The Nebraska State Fair: Problems were few, successes were many and the event went smoothly, delighting many thousands of visitors and sending them home happy.
Some critics of the plan to move the Fair from Lincoln to Grand Island had predicted fewer attendees; they couldn’t have been more wrong. Planners had set the attendance goal at 200,000 in order to make a profit. The number of people who walked through the gates and into Nebraska’s annual agriculture-fest was half again that high — 309,400.
That’s hundreds more than attended the 2008 Fair in Lincoln. It was an amazing performance for a new and untested facility.

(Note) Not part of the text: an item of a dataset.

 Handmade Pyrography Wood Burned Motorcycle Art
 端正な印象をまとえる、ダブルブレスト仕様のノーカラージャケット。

Not that “untested” mattered. The can-do spirit of Grand Island’s community leaders, the State Fair Board staff and its executive director, Joseph McDermott, and the thousands of volunteers from Grand Island and the entire three-city area, including Kearney and Hastings, undergirded and motivated and swept the event along from start to finish.

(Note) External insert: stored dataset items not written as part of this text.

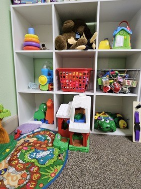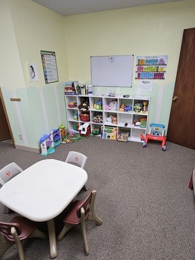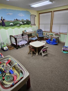 We have a nursery available for the little ones ages birth to two years old. There are a lot of books and toys to explore in a safe and loving environment.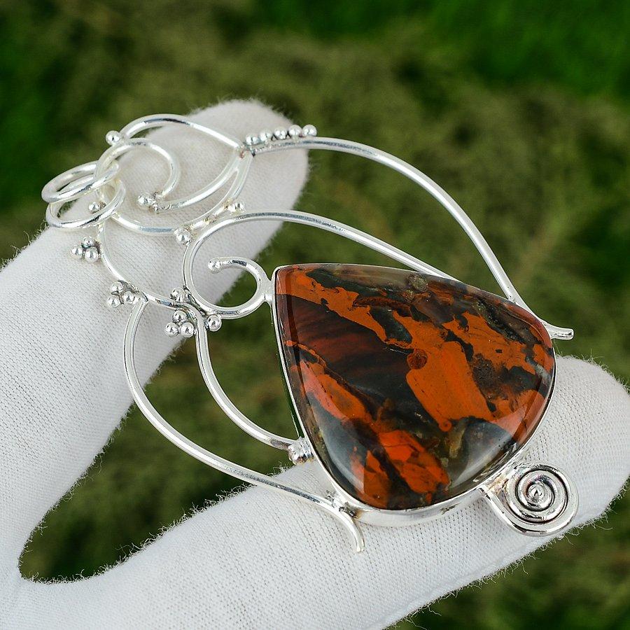 Mothers day Sale Pear Natural Red Snakeskin Jasper Pendant Jewelry 925 Silver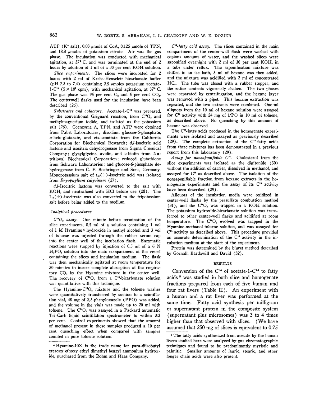 W. Bortz, S. Abraham, I. L. Chaikoff, W. E. Dozier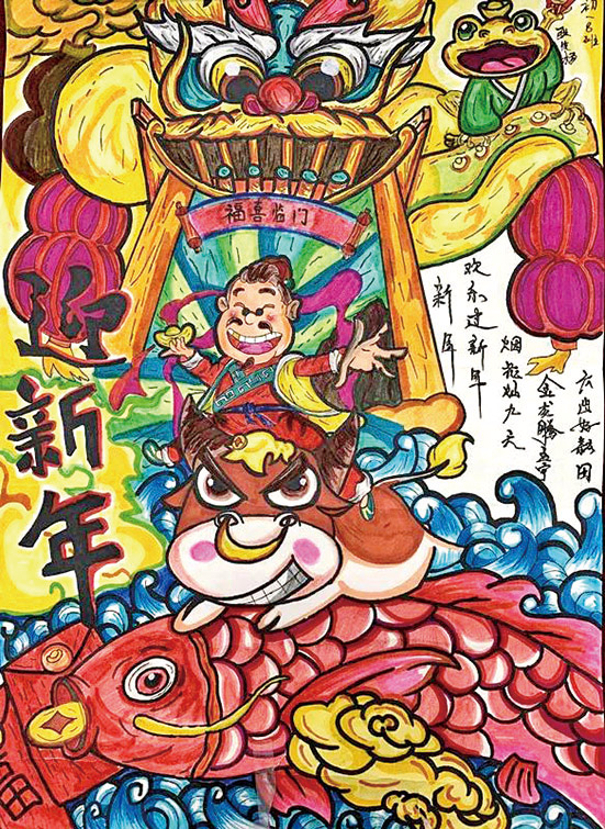 “愛國學(xué)·誦詩詞·繪節(jié)日”特色社會實(shí)踐活動中,學(xué)生繪制的節(jié)日圖《春節(jié)》。

And let’s not forget the invaluable contributions of 4-H and FFA members from across Nebraska. These young people turned out in enormous numbers and were key to helping make the Fair the success it was.
It was the efforts of all these individuals — so remarkable in their selflessness and energy — that made the Fair’s first year in its new location so appealing to so many Nebraskans, rural and urban.
And what those can-doers did! The Fair was truly top-flight, its barns, arenas and other venues comfortable and welcoming to visitors as well as exhibitors. The facilities at the Lincoln fairgrounds had grown inadequate over the years, a fact that many Nebraskans rightly lamented. But the new operation is truly first-class, and it sets up Grand Island as a significant location for attracting and hosting major livestock shows and events. This is how a national reputation for excellence is built.
Those sparkling attendance figures offer another encouraging outcome: It’s likely they will generate revenues to enable city leaders and the Fair Board to provide even greater facilities. They’re already talking about an outdoor arena. And they want to adjust the traffic patterns and access, which needs work because no one had anticipated so many fairgoers.
The aquarium showcasing Nebraska fish, which was demolished on the Lincoln site, could be rebuilt. The popular pie shack, run in Lincoln by a women’s church group, could return. The possibilities are many and exciting.
All of Nebraska can take pride in the achievements of the new State Fair. The tremendous success of the Fair in Grand Island illustrates what Nebraskans can do with determination, hard work, sound planning and solidarity. This year was the first of many; may they all be as successful.